• mshparber (5/5/2015)


    Thanks for the detailed explanation!

    I am still missing something...

    It my user whant to see a crosstab report of NetPrice Amount by Month by Product - how the Columnstore index helps?

    It still will have to match Date with Product with NetPrice at the ROW level - so it can aggregate that in March 2015 the revenues from Chairs were 20,000$

    I probably missed something...

    Thanks,

    Michael

    Hi Michael,

    If you have a columnstore index on a large table, then the optimizer will automatically create an execution plan that uses the columnstore index. If you are not getting the performance improvements you were hoping for, there may be several causes.

    1. The columnstore index is not used. That is possible if the query is such that, according to the estimated costing done by the optimizer, it will actually take more time than using any of the other indexes. That can be true (there are actually queries that perform better with a traditional index), or it can be a mis-estimate.

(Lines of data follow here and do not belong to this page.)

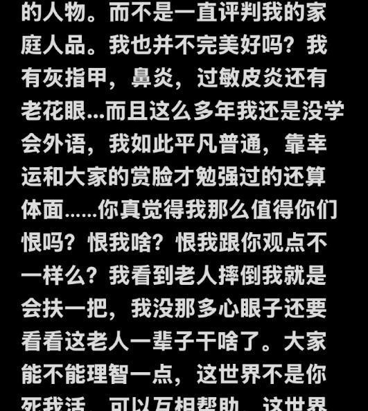 张伦硕最近的举动让人很迷惑,不可思议的操作直接将他推上了舆论的风口浪尖。 刚同情完张维伊,张伦硕又开始替黄奕孩子发声,前者还能理解,毕竟他和张维伊一样,谈的都是娱乐圈里女强男弱的姐弟恋,有感而发很正常。 可莫名地为黄奕女儿说话实在看不懂,关键是他根本没明白网友的意思,大家从来都没想过不让女孩好好活着,只是不希望她做公众人物而已,因为公众人物的影响力不一样,会造成一系列可怕的问题。 而且张伦硕对“株连九族”一词的理解有误,株是杀死的意思,但黄奕女孩活蹦乱跳着呢,只是就业的路子窄了一点而已,这是父母不认真做人的后果。#万能生活指南#
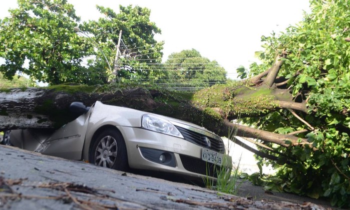 Carro esmagado em rua de Sulacap na manhã seguinte ao temporal na cidade do Rio. Foto: Luiz Gomes/Fotoarena / Agência O Globo
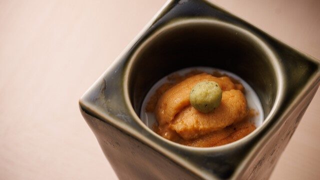 お客様が自然を感じられるよう、木材を積極的に用い、洗練させた和の空間。温もりを感じられる木のカウンターの目の前で、こだわりの鮨を提供いたします。職人がひとつひとつ丁寧に握りあげる、極上の鮨でございます。鮨と共に、職人が手掛ける日本料理もご堪能ください。お客様がただ単に美味しく味わうだけでなく、料理によって感動してくださるよう、時には西洋料理の要素も取り入れながら、日々メニューを考えております。見た目や香りにもこだわった日本料理ですので、五感でお楽しみいただけます。
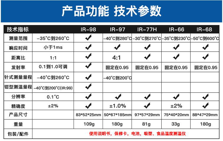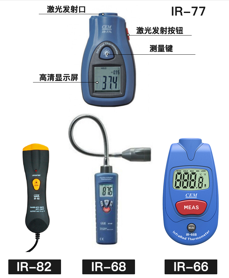 IR-66掌上式紅外測溫儀包括IR-66、IR-66B兩個(gè)型號。 CEM出品的IR-66系列掌上式紅外線測溫儀,符合人體工程學(xué)設(shè)計(jì),其體積比手掌還小,方便攜帶,是您工作上各種設(shè)備檢修、溫度情況了解,以及您日常生活起居的多功能測溫儀佳選擇。 IR-66掌上式紅外線測溫儀特性: 1.*的非接觸式測量 2.獨(dú)特新穎的外觀設(shè)計(jì) 3.自動(dòng)關(guān)機(jī)及自動(dòng)記錄數(shù)據(jù) 4.℃/℉ 轉(zhuǎn)換裝置 5.自動(dòng)量程選擇及大小值記錄 6.小巧的尺寸設(shè)計(jì)使測量方便又便于攜帶 7.大的液晶顯示屏 8.上鎖功能及低電量提示
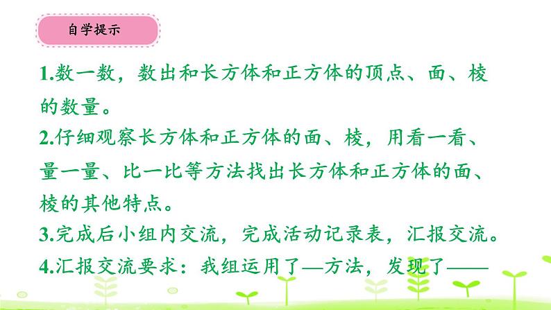 展开1.数一数,数出和长方体和正方体的顶点、面、棱的数量。2.仔细观察长方体和正方体的面、棱,用看一看、量一量、比一比等方法找出长方体和正方体的面、棱的其他特点。3.完成后小组内交流,完成活动记录表,汇报交流。4.汇报交流要求:我组运用了—方法,发现了——
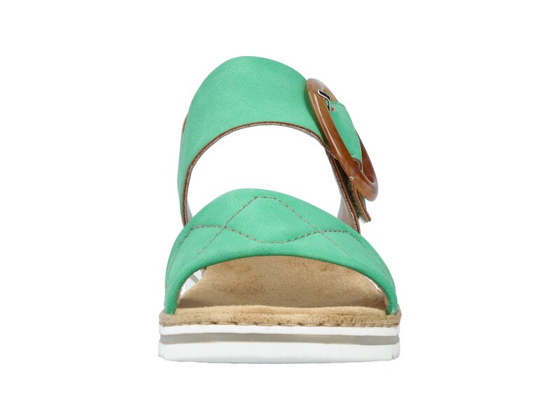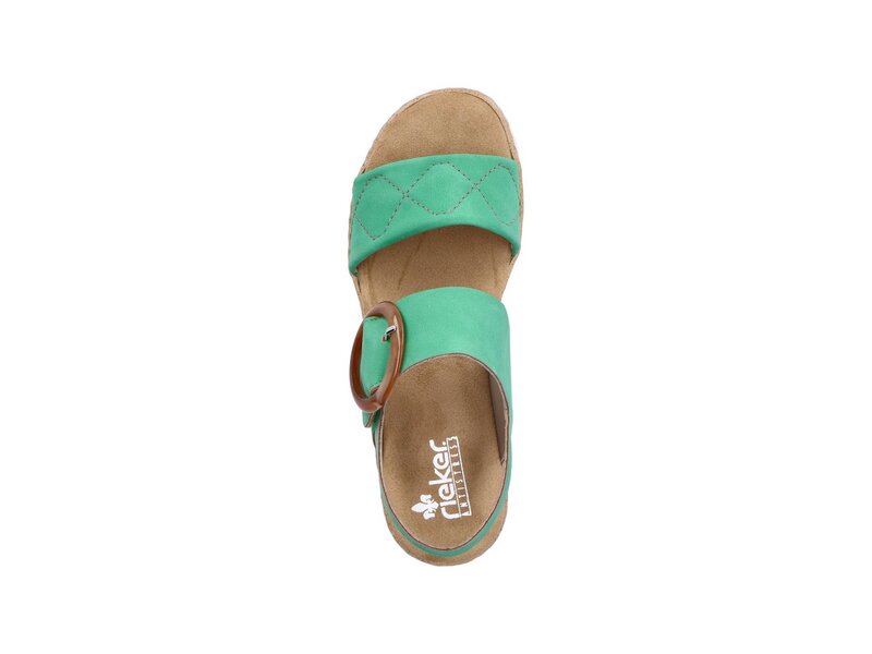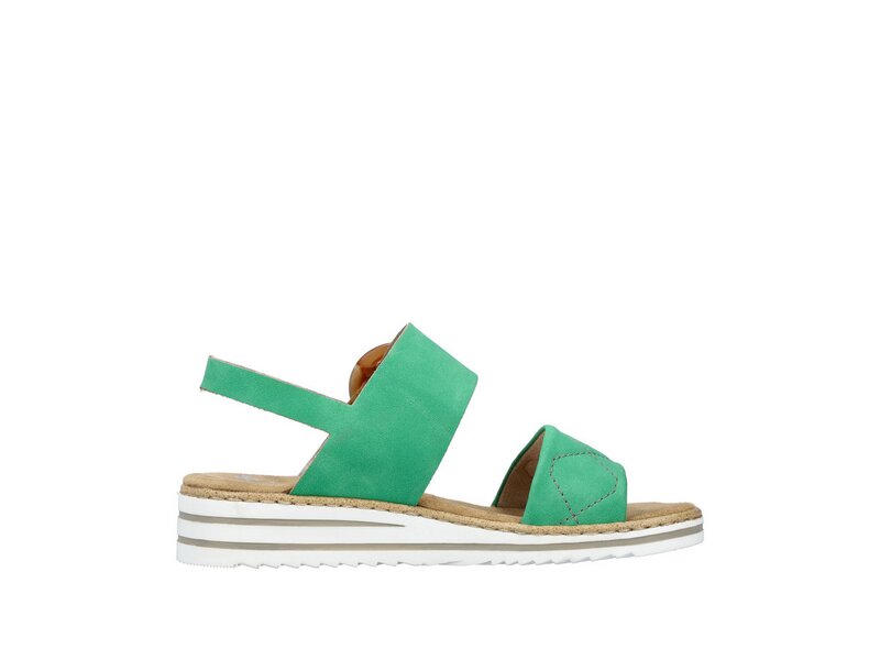 Walking on Sunshine – zumindest gefühlt. Diese laubgrünen Keilsandaletten aus Kunstleder von Rieker geben dem Fuß Freiraum und halten ihn dennoch sicher. Optimaler Halt und eine gute Passform sind durch breite Riemen, einen verstellbaren Klettverschluss und einen schmalen Fersenriemen garantiert. Die schockabsorbierende und leichte Sohle mit Keilabsatz bietet anhaltendes Wohlgefühl ? auch an langen Tagen. Ein weiteres Plus ist die extra weiche Decksohle. Durch die schmale Passform E 1/2 bieten die Keilsandaletten zusätzlichen Halt. Schöner Nebeneffekt: Man ist gleich ein paar Zentimeter größer!

    2. The columnstore index is used, but the plan uses row mode execution instead of batch mode execution. That means that the query probably gains some performance from the columstore index, but far less than when batch mode would be used. This is especially common on SQL Server 2012, where batch mode was very limited and a lot of query constructions would cause SQL Server to fall back into row mode. I will cover this in detail in one of the later levels of the stairway.

    If you can post a repro script (CREATE TABLE statements, a few INSERT statements with sample data, CREATE INDEX statements, and the actual query that does not perform as expected), I can take a quick look and see if I can give more details. Please test your repro script on an empty test database with case sensitive collation and US-English language settings to ensure that I can simply copy, paste and execute it on my end. Also please understand that I can take a quick look, but cannot afford to take many hours out of my consulting work to assist individual readers of this article - so if you are going to post a 10,000-line monster query, I can only respond by sending you my rates.